Somewhere below are a line with "- 【Heavy Metal" and a later line with "Handwoven Wool Wall". Output exactly those lines and all lines between them.

Stored data: Begin

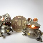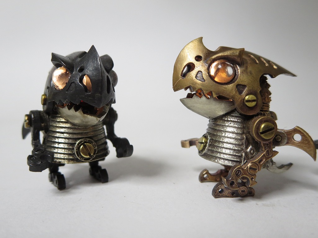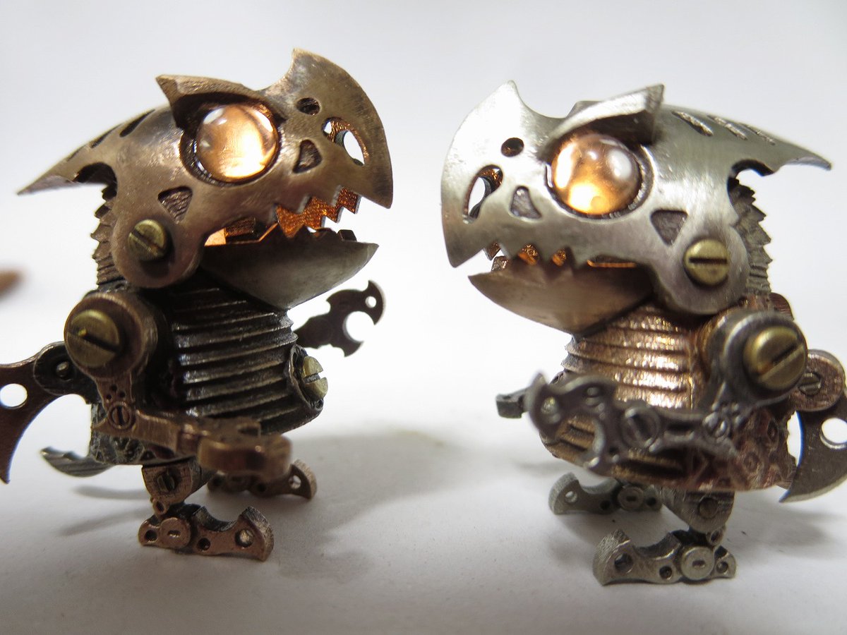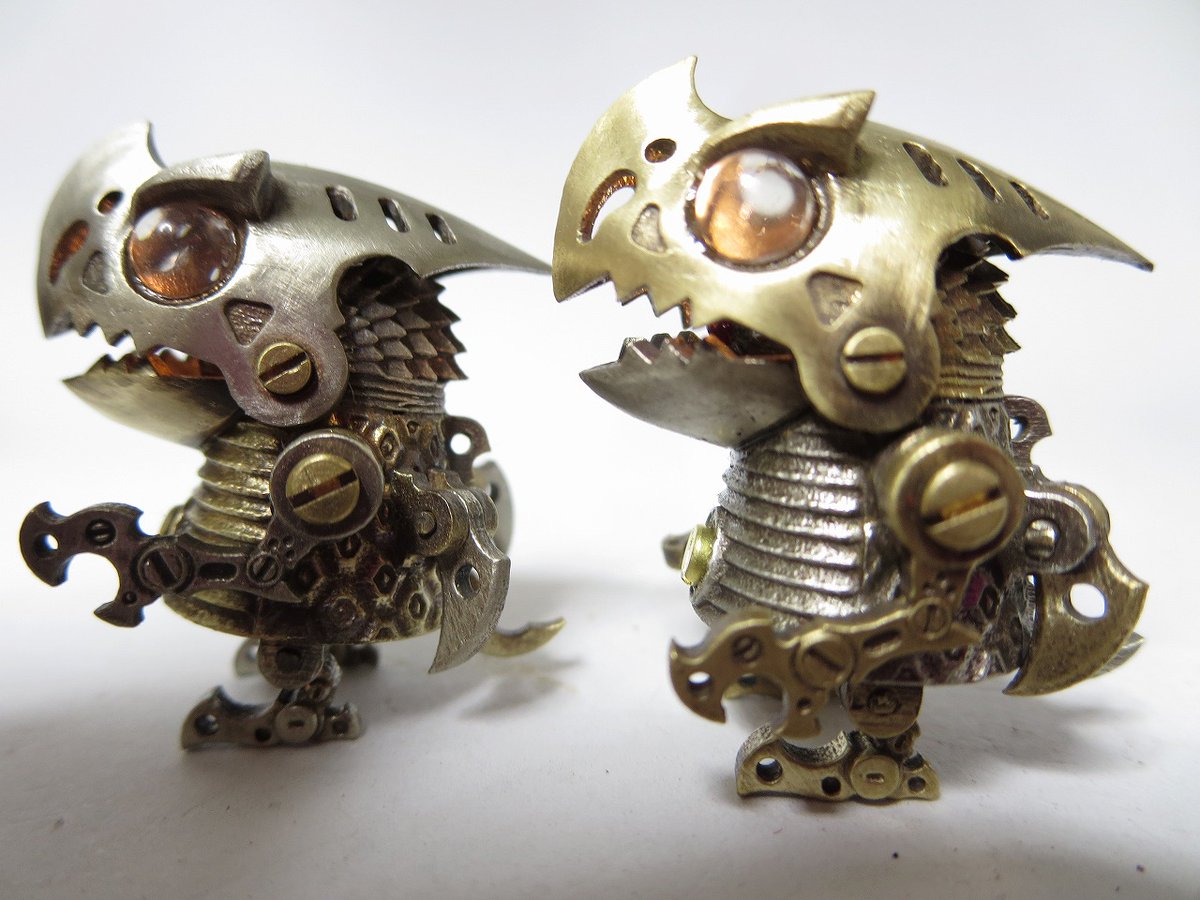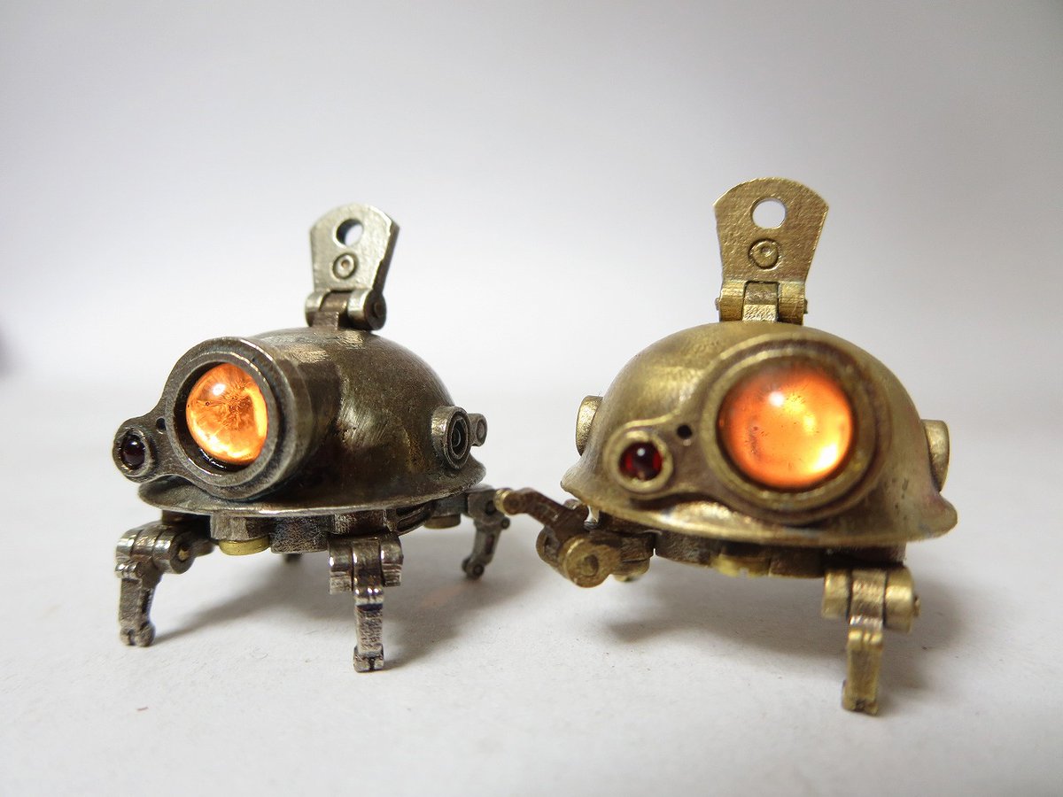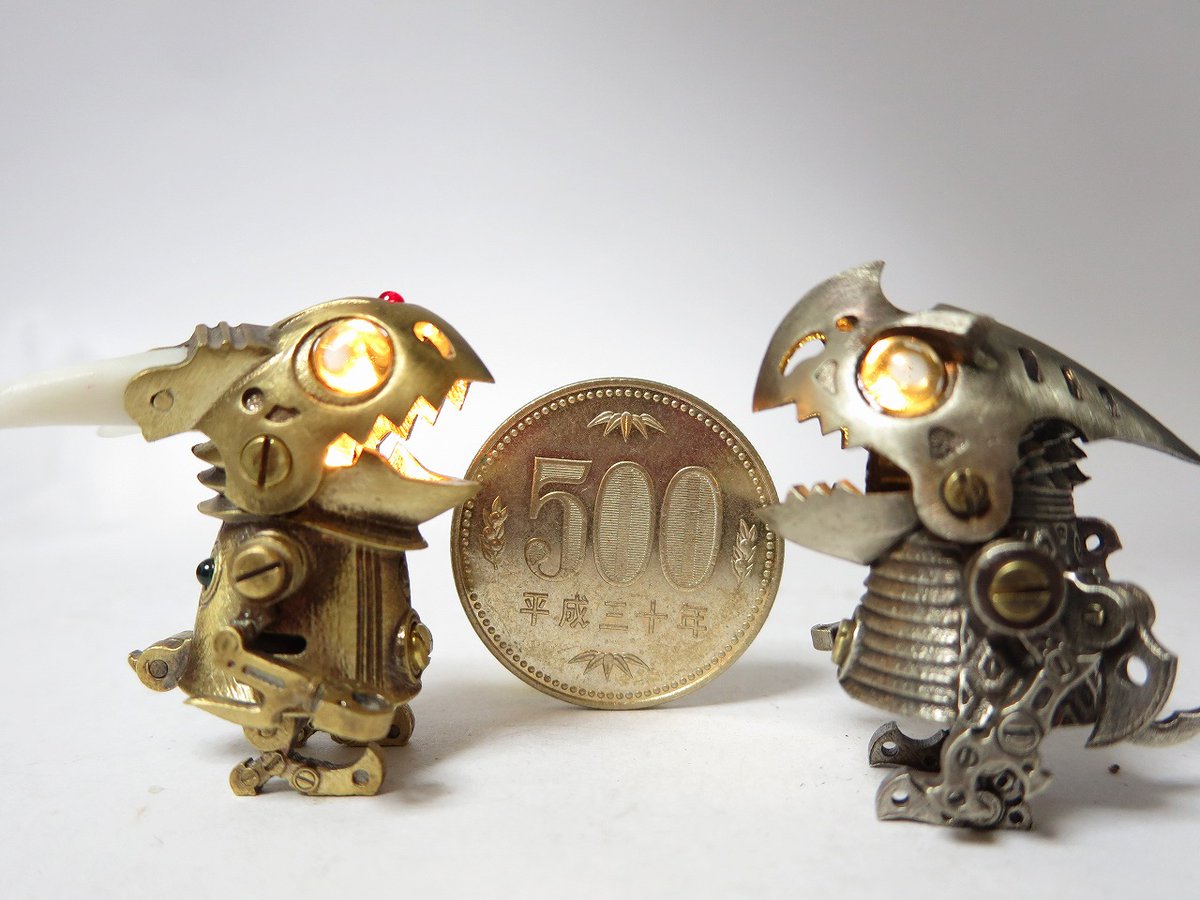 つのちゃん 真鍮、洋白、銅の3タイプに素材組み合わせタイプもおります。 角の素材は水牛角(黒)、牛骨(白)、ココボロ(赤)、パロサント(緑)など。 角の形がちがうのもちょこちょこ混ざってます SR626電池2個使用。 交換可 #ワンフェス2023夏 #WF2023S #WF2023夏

Stored data: End
Stored data: Begin

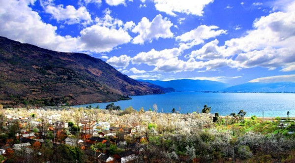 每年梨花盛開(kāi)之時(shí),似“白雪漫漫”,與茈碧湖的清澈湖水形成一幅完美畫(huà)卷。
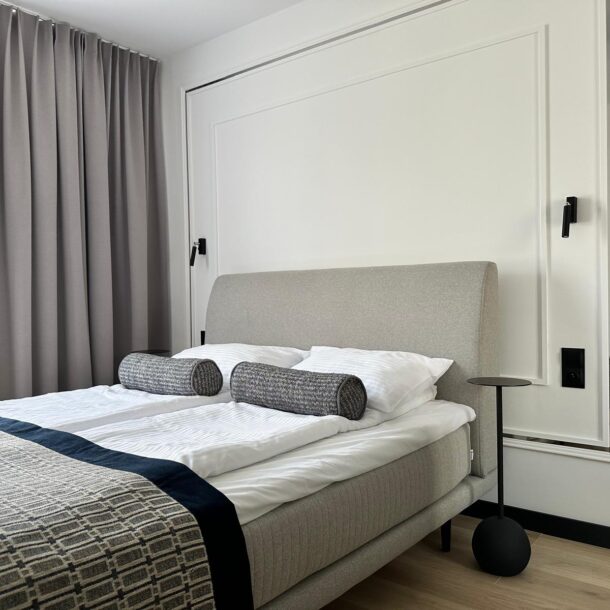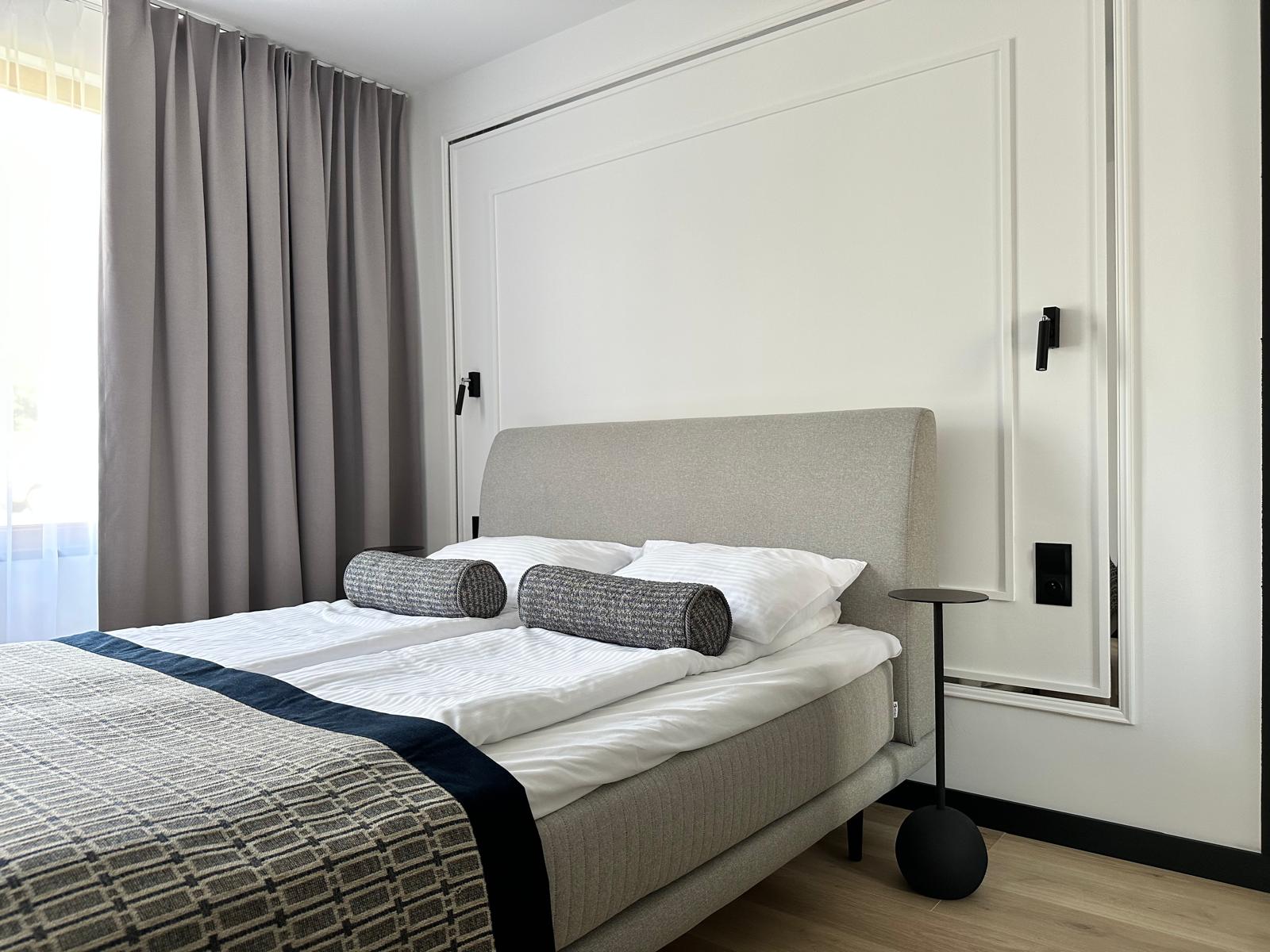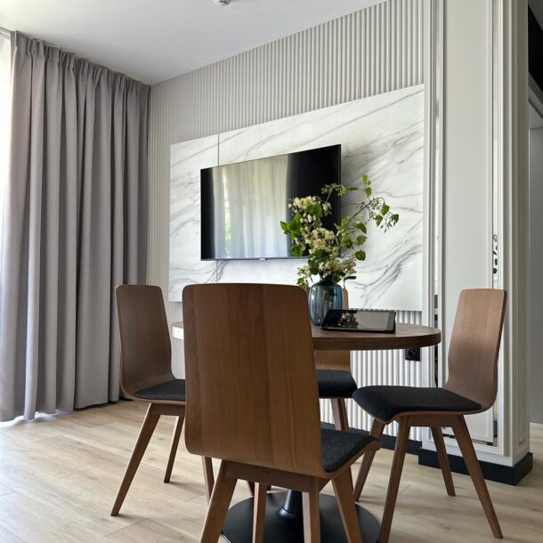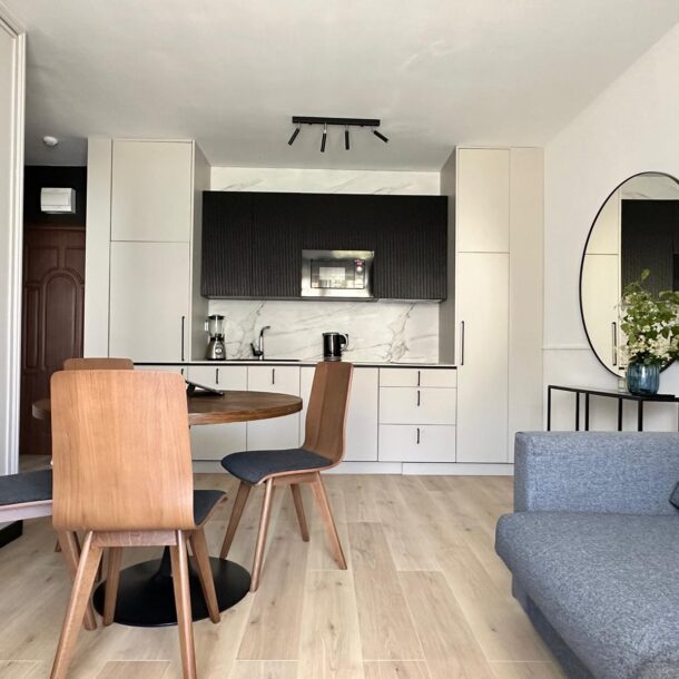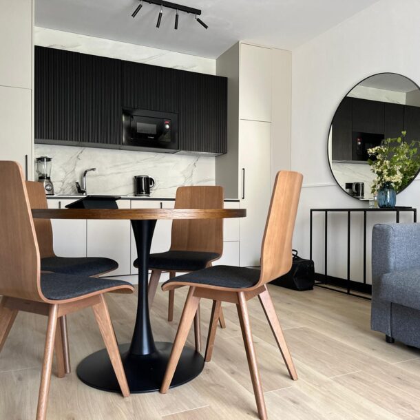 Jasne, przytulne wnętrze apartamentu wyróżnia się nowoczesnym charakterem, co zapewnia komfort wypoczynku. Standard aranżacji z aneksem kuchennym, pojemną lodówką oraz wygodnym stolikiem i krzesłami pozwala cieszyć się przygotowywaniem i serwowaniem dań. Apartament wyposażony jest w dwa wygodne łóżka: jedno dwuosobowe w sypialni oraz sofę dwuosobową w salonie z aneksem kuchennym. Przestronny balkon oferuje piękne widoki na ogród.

Stored data: End
Stored data: Begin

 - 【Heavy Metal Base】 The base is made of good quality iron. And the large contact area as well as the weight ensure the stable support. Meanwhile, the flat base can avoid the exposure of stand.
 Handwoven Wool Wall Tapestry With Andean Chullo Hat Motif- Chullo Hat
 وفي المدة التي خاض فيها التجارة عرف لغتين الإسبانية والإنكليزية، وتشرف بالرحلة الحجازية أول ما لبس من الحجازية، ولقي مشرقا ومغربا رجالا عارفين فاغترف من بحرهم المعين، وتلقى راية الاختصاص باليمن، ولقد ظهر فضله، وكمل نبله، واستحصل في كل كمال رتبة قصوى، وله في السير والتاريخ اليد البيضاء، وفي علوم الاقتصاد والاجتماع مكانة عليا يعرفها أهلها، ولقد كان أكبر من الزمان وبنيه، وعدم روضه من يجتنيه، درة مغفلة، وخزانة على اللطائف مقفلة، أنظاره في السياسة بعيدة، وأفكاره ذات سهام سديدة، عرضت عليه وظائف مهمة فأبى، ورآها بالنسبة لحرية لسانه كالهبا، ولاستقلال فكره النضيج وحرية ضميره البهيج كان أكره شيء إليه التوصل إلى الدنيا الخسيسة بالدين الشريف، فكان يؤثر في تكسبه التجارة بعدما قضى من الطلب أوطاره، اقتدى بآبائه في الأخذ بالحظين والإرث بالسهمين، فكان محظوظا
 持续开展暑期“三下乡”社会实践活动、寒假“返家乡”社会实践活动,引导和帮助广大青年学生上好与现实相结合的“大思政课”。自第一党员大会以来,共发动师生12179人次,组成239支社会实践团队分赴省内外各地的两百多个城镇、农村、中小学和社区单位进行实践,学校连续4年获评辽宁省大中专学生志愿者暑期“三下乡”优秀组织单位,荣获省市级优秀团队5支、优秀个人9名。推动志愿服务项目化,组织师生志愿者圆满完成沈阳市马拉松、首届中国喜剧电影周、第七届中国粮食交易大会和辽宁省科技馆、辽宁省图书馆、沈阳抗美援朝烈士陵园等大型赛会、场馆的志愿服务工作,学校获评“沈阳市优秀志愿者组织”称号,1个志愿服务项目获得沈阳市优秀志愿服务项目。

Stored data: End

→ **Solution for this task**:
 - 【Heavy Metal Base】 The base is made of good quality iron. And the large contact area as well as the weight ensure the stable support. Meanwhile, the flat base can avoid the exposure of stand.
 Handwoven Wool Wall Tapestry With Andean Chullo Hat Motif- Chullo Hat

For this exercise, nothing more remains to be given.